Rising premium air passenger traffic through the Middle East bucked a broadly flat performance globally, according to the latest industry data.
In its March Premium Traffic Monitor report, the International Air Travel Association (Iata) said that routes such as Europe-Middle East and Middle East- Far East gained 7.5 per cent and 6.6 per cent respectively, despite growth in premium international air travel remaining broadly flat since August 2014 globally.
“Major economies in the Middle East, including Saudi Arabia and the United Arab Emirates, continue to show robust economic performance,” said the report.
“Weakness appears to be creeping in again in other regions, with business activity in emerging markets contracting in April for the first time during the past 12 months.
This could mean a continuation of the flat trend in volumes we have been seeing since late 2014.”

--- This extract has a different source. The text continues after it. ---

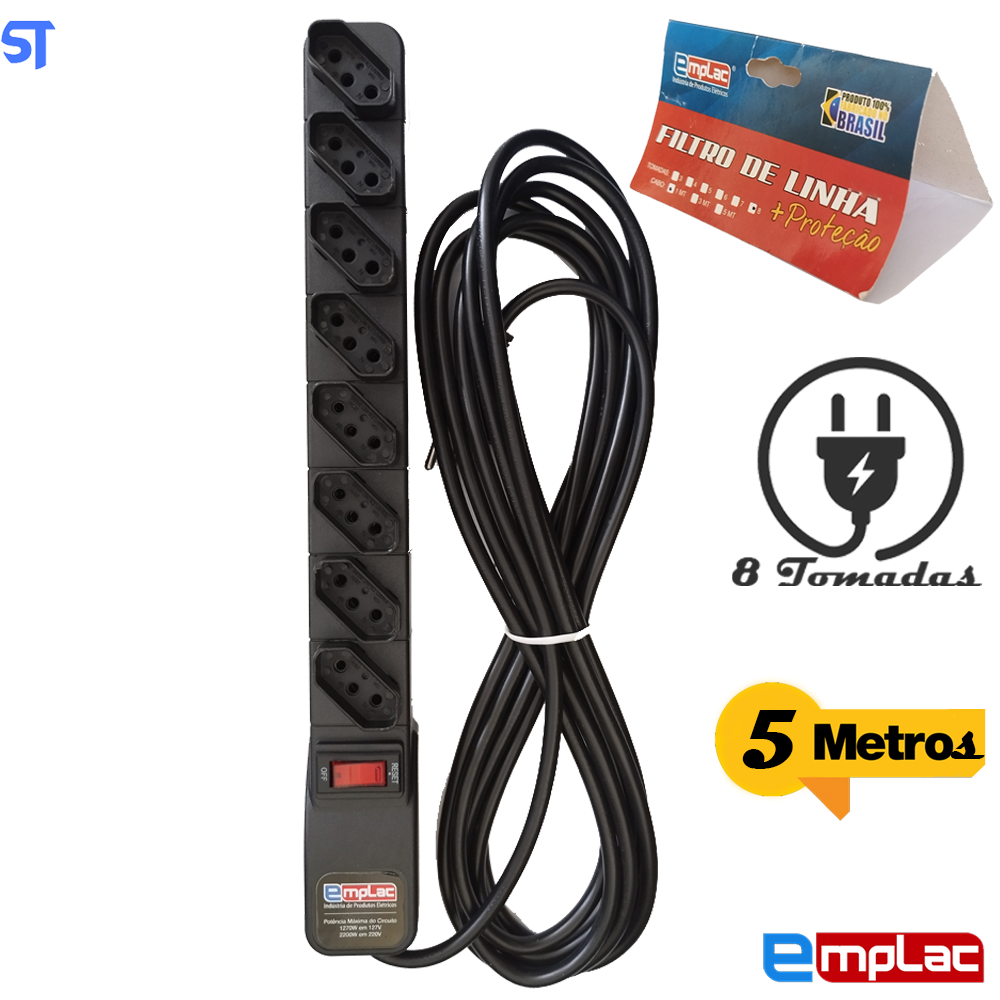 Filtro de Linha 8 Tomadas 10A Bivolt com Cabo de 5 Metros Certificado Régua de Energia Emplac F50187

Saj Ahmad, the chief analyst at StrategicAero Research, said that the growth in premium travel in the Middle East was being spurred by the rapid expansion of Dubai International Airport and the related growth of the big regional carriers offering more options for global travel through the region.

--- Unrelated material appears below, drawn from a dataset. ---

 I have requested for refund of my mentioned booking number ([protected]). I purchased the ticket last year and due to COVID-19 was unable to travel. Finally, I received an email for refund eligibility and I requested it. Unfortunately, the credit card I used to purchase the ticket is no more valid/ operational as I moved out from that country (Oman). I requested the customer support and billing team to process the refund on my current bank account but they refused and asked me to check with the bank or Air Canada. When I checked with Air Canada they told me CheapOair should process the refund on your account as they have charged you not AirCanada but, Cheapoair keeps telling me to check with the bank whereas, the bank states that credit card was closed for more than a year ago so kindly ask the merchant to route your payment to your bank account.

“This has led directly to more price elasticity and perhaps a slight softening of premium fares that entices passengers to pay a little bit more to fly either first or business class,” he said.

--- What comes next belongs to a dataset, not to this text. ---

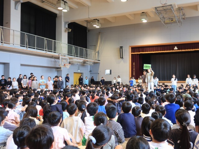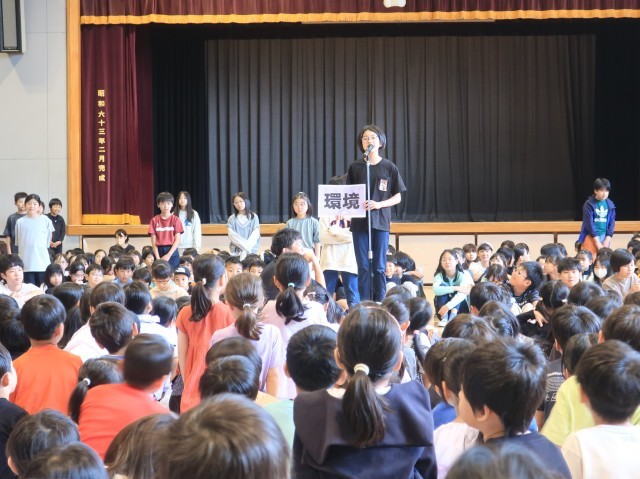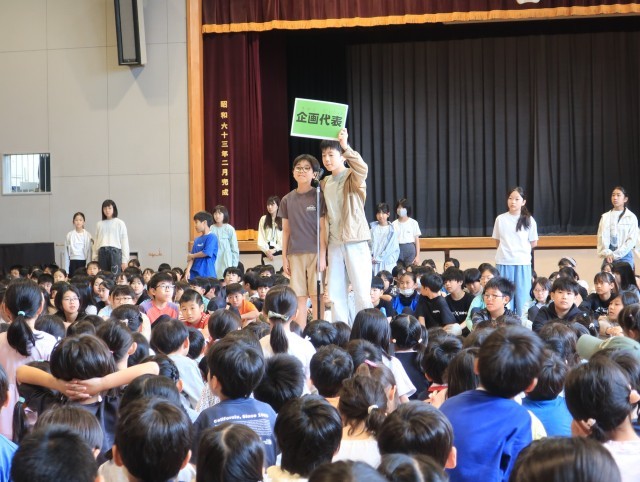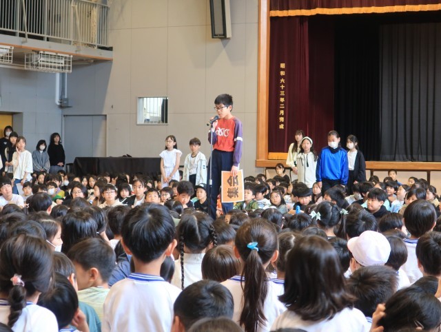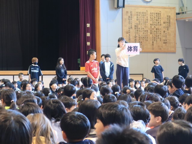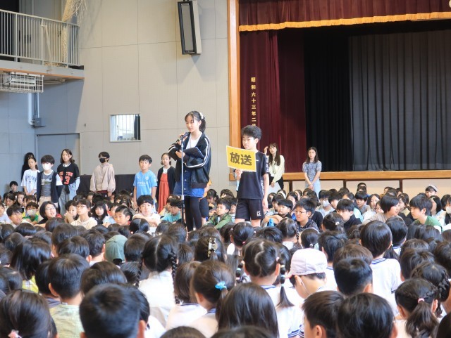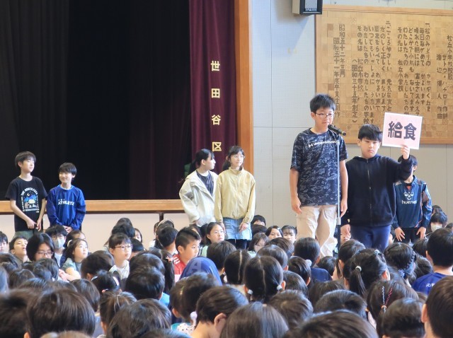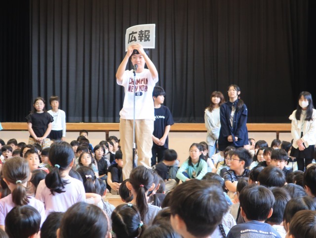 今日の集会では、それぞれの委員会の活動を全校児童に向けて発表しました。

Other regions that looked promising were Europe and the US, according to Iata.
Premium international air travel was up 7.8 per cent within Europe in March, compared to 0.4 per cent in February, according to the report.
“There are signs of a pick-up in business confidence in the euro zone which could support growth ahead,” the report added.
The US was another outstanding performer for developed markets.
Recent gains in employment and business confidence have boosted both business and leisure travel, said Iata.